Reputation: 427
I have a dataframe with 2 columns, where first column contains lists, and second column integer indexes.
How to get elements from first column by index specified in second column? Or even better, put that element in 3rd column.
Input example
df = pl.DataFrame({
"lst": [[1, 2, 3], [4, 5, 6]],
"ind": [1, 2]
})
┌───────────┬─────┐
│ lst ┆ ind │
│ --- ┆ --- │
│ list[i64] ┆ i64 │
╞═══════════╪═════╡
│ [1, 2, 3] ┆ 1 │
│ [4, 5, 6] ┆ 2 │
└───────────┴─────┘
Expected output.
res = df.with_columns(pl.Series("list[ind]", [2, 6]))
┌───────────┬─────┬───────────┐
│ lst ┆ ind ┆ list[ind] │
│ --- ┆ --- ┆ --- │
│ list[i64] ┆ i64 ┆ i64 │
╞═══════════╪═════╪═══════════╡
│ [1, 2, 3] ┆ 1 ┆ 2 │
│ [4, 5, 6] ┆ 2 ┆ 6 │
└───────────┴─────┴───────────┘
Thanks.
Upvotes: 9
Views: 10981
Reputation: 10039
Selecting list elements by index (from another column), polars provides pl.Expr.list.get
. You can even pass the index column directly by name.
df.with_columns(
pl.col("lst").list.get("ind").alias("list[ind]")
)
shape: (2, 3)
┌───────────┬─────┬───────────┐
│ lst ┆ ind ┆ list[ind] │
│ --- ┆ --- ┆ --- │
│ list[i64] ┆ i64 ┆ i64 │
╞═══════════╪═════╪═══════════╡
│ [1, 2, 3] ┆ 1 ┆ 2 │
│ [4, 5, 6] ┆ 2 ┆ 6 │
└───────────┴─────┴───────────┘
Upvotes: 3
Reputation: 188
Update: This can now be done more easily by
df.with_columns(pl.col("lst").list.get(pl.col("ind")).alias("list[ind]"))
Original answer
You can use with_row_index()
to add a row index column for grouping, then explode()
the list so each list element is on each row.
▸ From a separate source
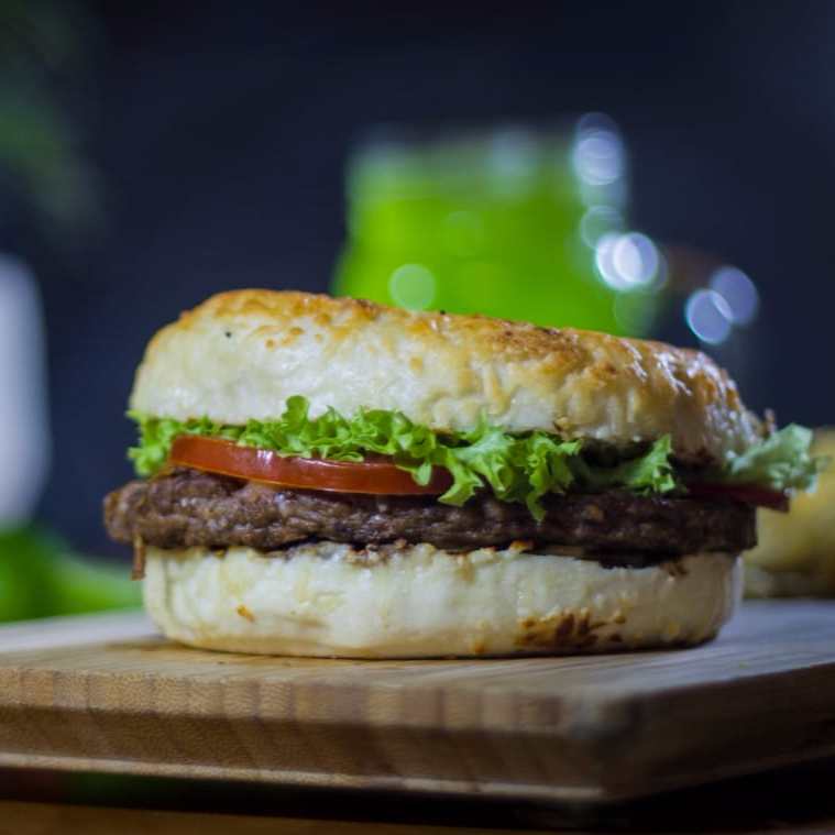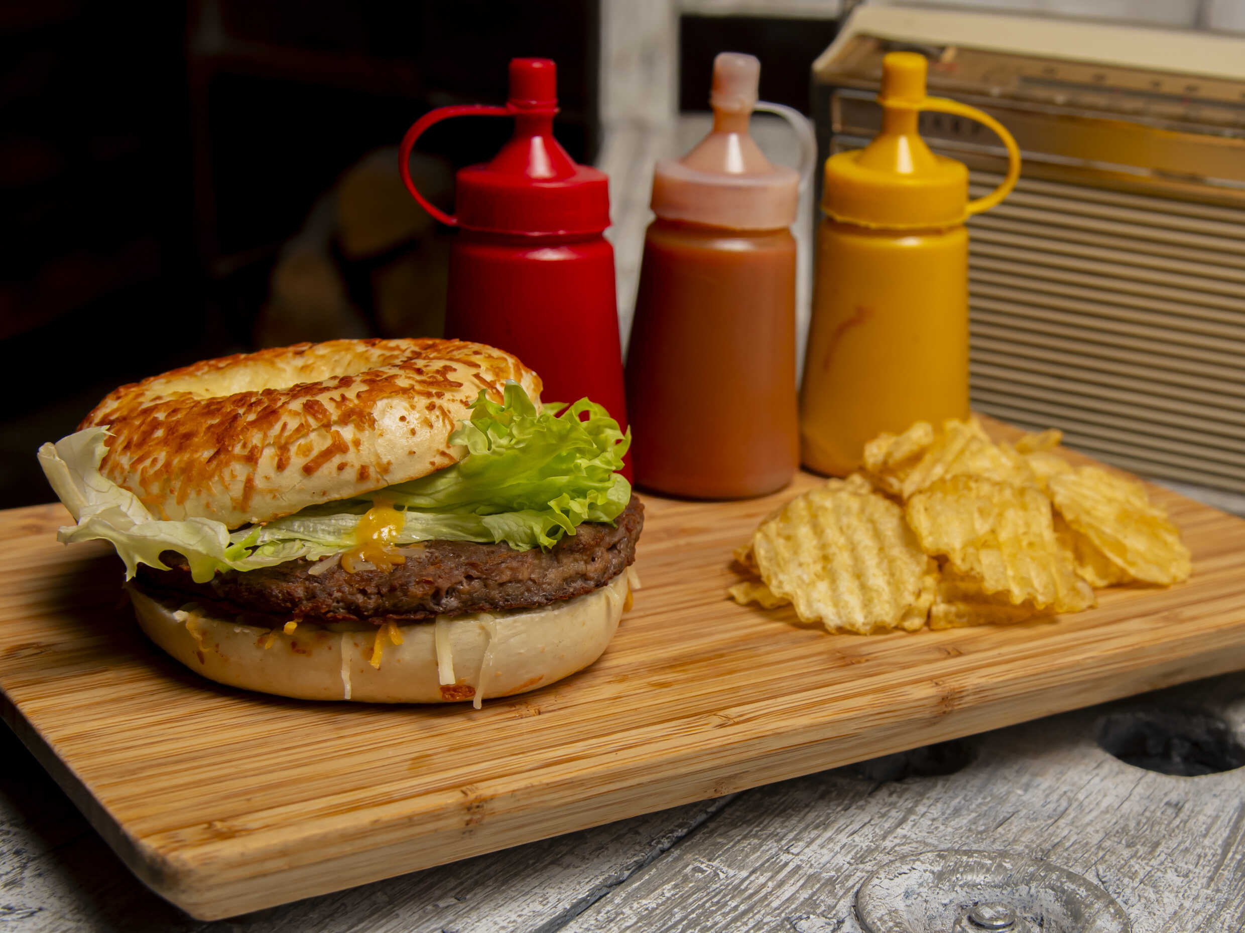 Hamburguesa de arrachera, queso manchego, queso mozarella, jitomate y lechuga. *todos los bagels van acompañados de chips de papa*

Then call gather()
over the row index column using over()
to select the element from the subgroup.
df = pl.DataFrame({"lst": [[1, 2, 3], [4, 5, 6]], "ind": [1, 2]})
df = (
df.with_row_index()
.with_columns(
pl.col("lst").explode().gather(pl.col("ind")).over(pl.col("index")).alias("list[ind]")
)
.drop("index")
)
shape: (2, 3)
┌───────────┬─────┬───────────┐
│ lst ┆ ind ┆ list[ind] │
│ --- ┆ --- ┆ --- │
│ list[i64] ┆ i64 ┆ i64 │
╞═══════════╪═════╪═══════════╡
│ [1, 2, 3] ┆ 1 ┆ 2 │
│ [4, 5, 6] ┆ 2 ┆ 6 │
└───────────┴─────┴───────────┘
Upvotes: 12
Reputation: 1488
Here is my approach:
Create a custom function to get the values as per the required index.
def get_elem(d):
sel_idx = d[0]
return d[1][sel_idx]
here is a test data.
df = pl.DataFrame({'lista':[[1,2,3],[4,5,6]],'idx':[1,2]})
Now lets create a struct on these two columns(it will create a dict) and apply an above function
df.with_columns(
pl.struct('idx','lista').map_elements(lambda x: get_elem(list(x.values()))).alias('req_elem'))
shape: (2, 3)
┌───────────┬─────┬──────────┐
│ lista ┆ idx ┆ req_elem │
│ --- ┆ --- ┆ --- │
│ list[i64] ┆ i64 ┆ i64 │
╞═══════════╪═════╪══════════╡
│ [1, 2, 3] ┆ 1 ┆ 2 │
│ [4, 5, 6] ┆ 2 ┆ 6 │
└───────────┴─────┴──────────┘
Upvotes: 1
Reputation: 372
If your number of unique idx
elements isn't absolutely massive, you can build a when
/then
expression to select based on the value of idx
using list.get(idx)
:
import polars as pl
df = pl.DataFrame([{"lst": [1, 2, 3], "ind": 1}, {"lst": [4, 5, 6], "ind": 2}])
# create when/then expression for each unique index
idxs = df["ind"].unique()
ind, lst = pl.col("ind"), pl.col("lst") # makes expression generator look cleaner
expr = pl.when(ind == idxs[0]).then(lst.list.get(idxs[0]))
for idx in idxs[1:]:
expr = expr.when(ind == idx).then(lst.list.get(idx))
expr = expr.otherwise(None)
df.select(expr)
shape: (2, 1)
┌─────┐
│ lst │
│ --- │
│ i64 │
╞═════╡
│ 2 │
│ 6 │
└─────┘
Upvotes: 1